[Stored items from a collection]
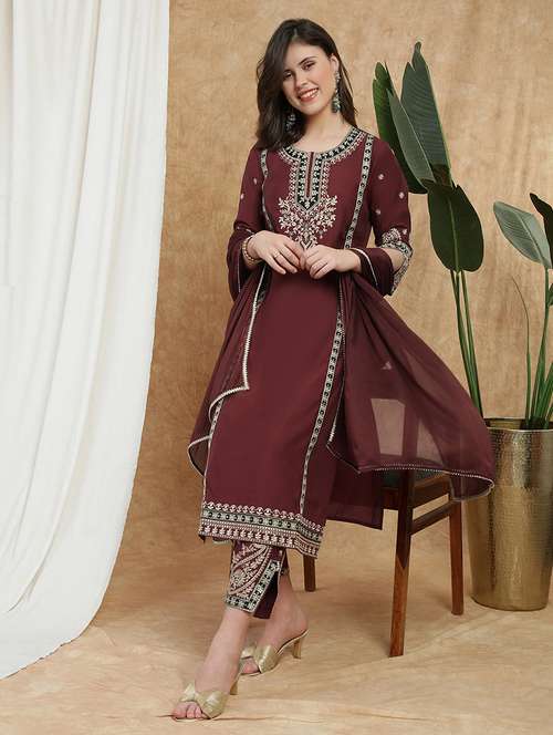 - Find gorgeous sets of ethnic wears in trending designs in maroon colors suitable for festive wear of occasions.
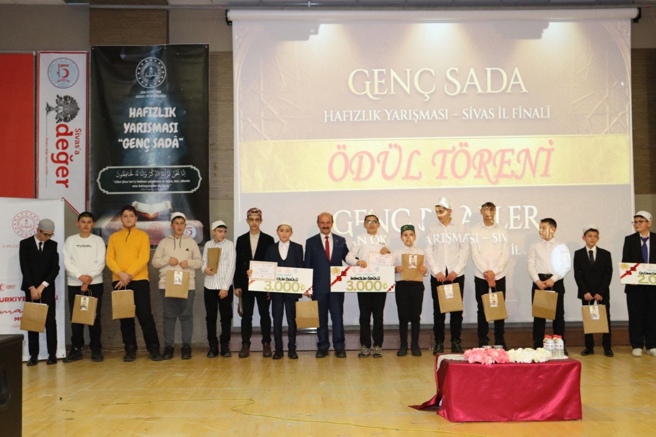 Şarkışla 15 Temmuz Milli İrade İmam Hatip Ortaokulu koordinatörlüğünde gerçekleştirilen İmam Hatip Ortaokullar arası “Genç Sada Hafızlık Yarışması“ ve “Genç Bilaller Ezan Okuma Yarışması“ Sivas İl Finali, Belediye Başkanımız Kasım Gültekin, Kaymakamımız Zekeriya Murat Şahan, Sivas İl Milli Eğitim Müdürü Fatih Erdoğan ve ilgili kurum müdürlerinin katılımlarıyla Aşık Veysel Kültür Merkezinde gerçekleştirildi.
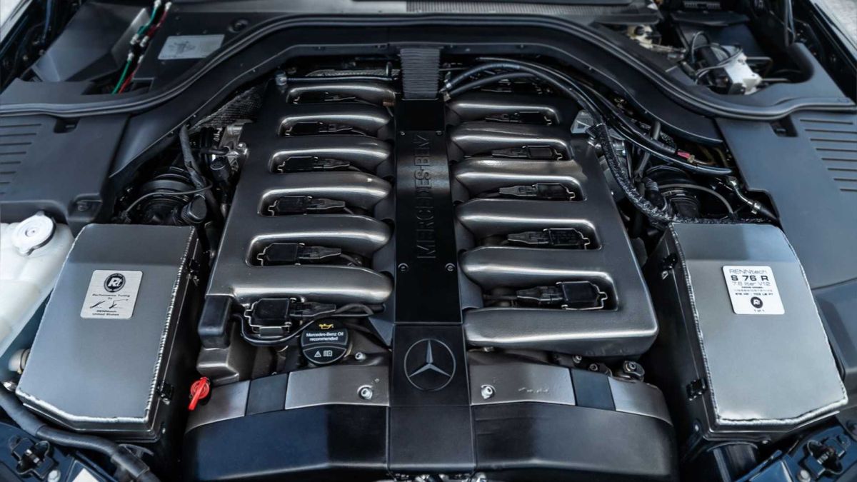 Appelée S76R, cette Mercedes 600 SEL modifiée est le fruit du travail de Renntech, un préparateur américain qui travaille sur les voitures de la marque à l’étoile. On peut dire qu’il n’y est pas allé avec le dos de la cuiller puisque le V12 6 litres d’origine a été réalésé à 7,6 litres. Le travail ne s’arrête pas là puisque les arbres à cames ont été modifiés, les bielles sont désormais en titane, les injecteurs ont été remplacés et les culasses retravaillées.
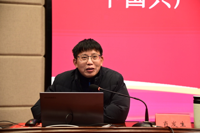 本站讯(实习记者 谌妤)12月17日上午,beat365官网在科技楼学术报告厅举办“中国共产党人精神谱系”宣讲报告会。井冈山大学马克思主义学院院长、井冈山研究中心主任肖发生教授应邀担任主讲。校党委副书记严青松主持报告会,师生党员代表160余人聆听了宣讲。
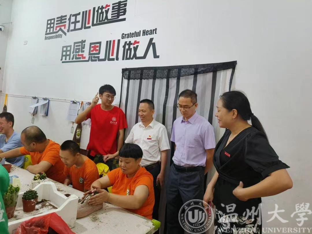 7月14日上午,正规外围买球十大平台党委委员、副校长王舜在龙湾区残联党组成员、副理事长林时察的陪同下,来到龙湾区青苗残疾人之家慰问买球官网益行暑期社会实践队。正规外围买球十大平台电子工程学院党委副书记曾蓓蕾、正规外围买球十大平台团委副书记徐瑶、正规外围买球十大平台团委韩新华、十大买球平台排行榜辅导员陈海彤等陪同慰问,龙湾区青苗残疾人之家项目负责人麻玉娇等热情接待王舜副校长一行。
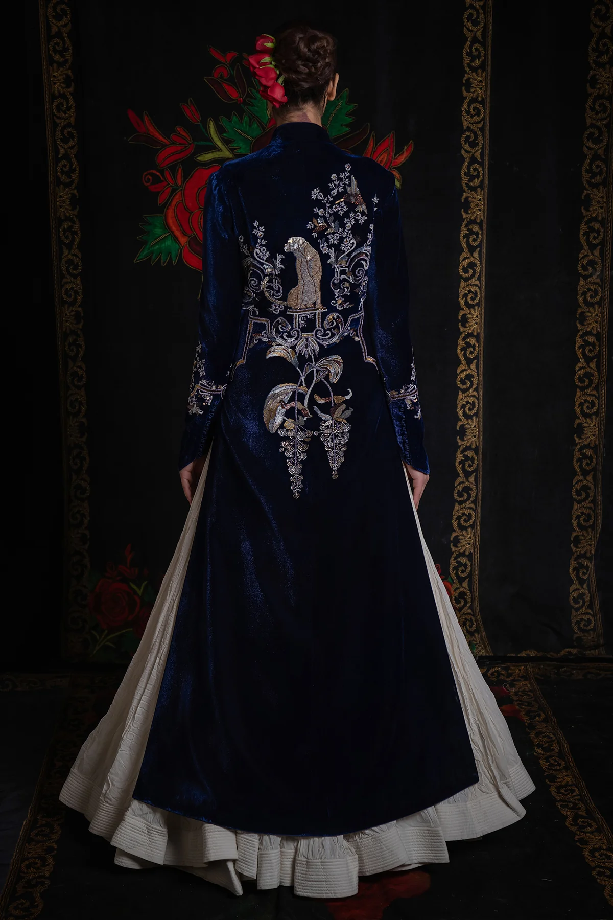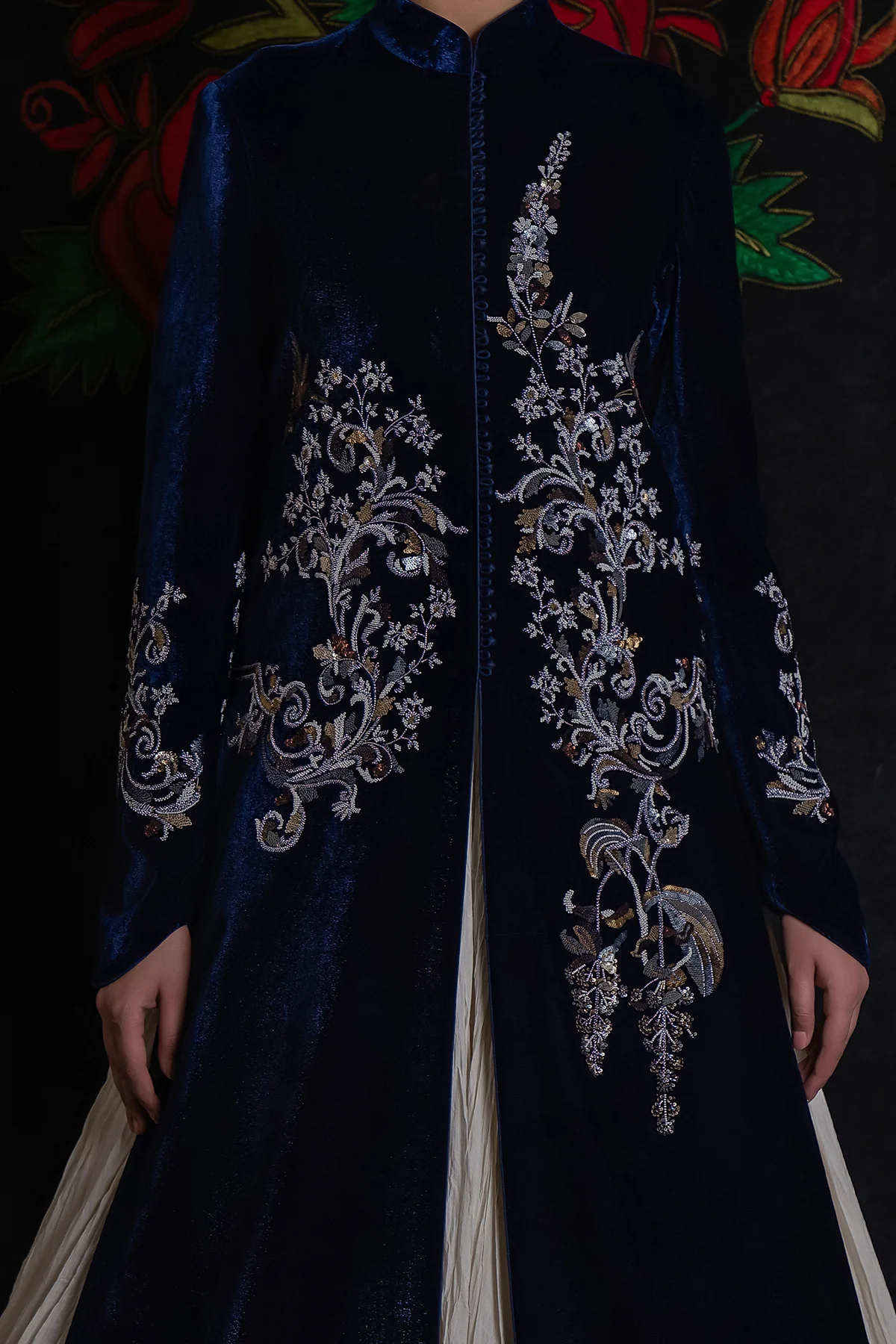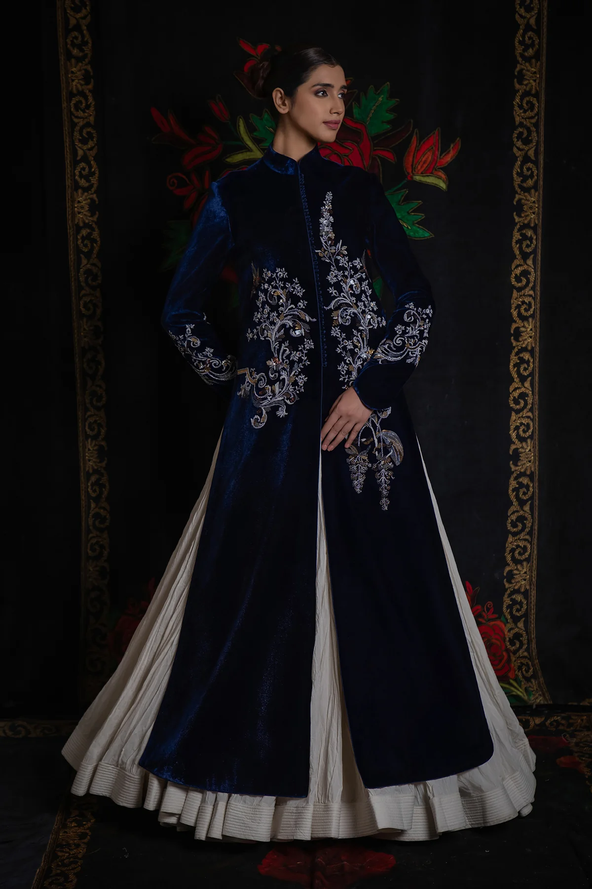 The long jacket is crafted from premium velvet in a deep indigo shade, offering a rich and regal appearance. Intricate embroidery decorates the front panels, neckline, and sleeves, creating a sophisticated interplay of texture and design. The velvety surface enhances the detailing, while the inner finishing ensures comfort and structure. Clean edging and smooth tailoring give the jacket a polished, statement look suitable for festive and formal occasions.

— EXERCISE DETAILS —
A verbatim copy of every record above is required, with all pictures omitted.

— EXERCISE SOLUTION —
 - Find gorgeous sets of ethnic wears in trending designs in maroon colors suitable for festive wear of occasions.
 Şarkışla 15 Temmuz Milli İrade İmam Hatip Ortaokulu koordinatörlüğünde gerçekleştirilen İmam Hatip Ortaokullar arası “Genç Sada Hafızlık Yarışması“ ve “Genç Bilaller Ezan Okuma Yarışması“ Sivas İl Finali, Belediye Başkanımız Kasım Gültekin, Kaymakamımız Zekeriya Murat Şahan, Sivas İl Milli Eğitim Müdürü Fatih Erdoğan ve ilgili kurum müdürlerinin katılımlarıyla Aşık Veysel Kültür Merkezinde gerçekleştirildi.
 Appelée S76R, cette Mercedes 600 SEL modifiée est le fruit du travail de Renntech, un préparateur américain qui travaille sur les voitures de la marque à l’étoile. On peut dire qu’il n’y est pas allé avec le dos de la cuiller puisque le V12 6 litres d’origine a été réalésé à 7,6 litres. Le travail ne s’arrête pas là puisque les arbres à cames ont été modifiés, les bielles sont désormais en titane, les injecteurs ont été remplacés et les culasses retravaillées.
 本站讯(实习记者 谌妤)12月17日上午,beat365官网在科技楼学术报告厅举办“中国共产党人精神谱系”宣讲报告会。井冈山大学马克思主义学院院长、井冈山研究中心主任肖发生教授应邀担任主讲。校党委副书记严青松主持报告会,师生党员代表160余人聆听了宣讲。
 7月14日上午,正规外围买球十大平台党委委员、副校长王舜在龙湾区残联党组成员、副理事长林时察的陪同下,来到龙湾区青苗残疾人之家慰问买球官网益行暑期社会实践队。正规外围买球十大平台电子工程学院党委副书记曾蓓蕾、正规外围买球十大平台团委副书记徐瑶、正规外围买球十大平台团委韩新华、十大买球平台排行榜辅导员陈海彤等陪同慰问,龙湾区青苗残疾人之家项目负责人麻玉娇等热情接待王舜副校长一行。
 The long jacket is crafted from premium velvet in a deep indigo shade, offering a rich and regal appearance. Intricate embroidery decorates the front panels, neckline, and sleeves, creating a sophisticated interplay of texture and design. The velvety surface enhances the detailing, while the inner finishing ensures comfort and structure. Clean edging and smooth tailoring give the jacket a polished, statement look suitable for festive and formal occasions.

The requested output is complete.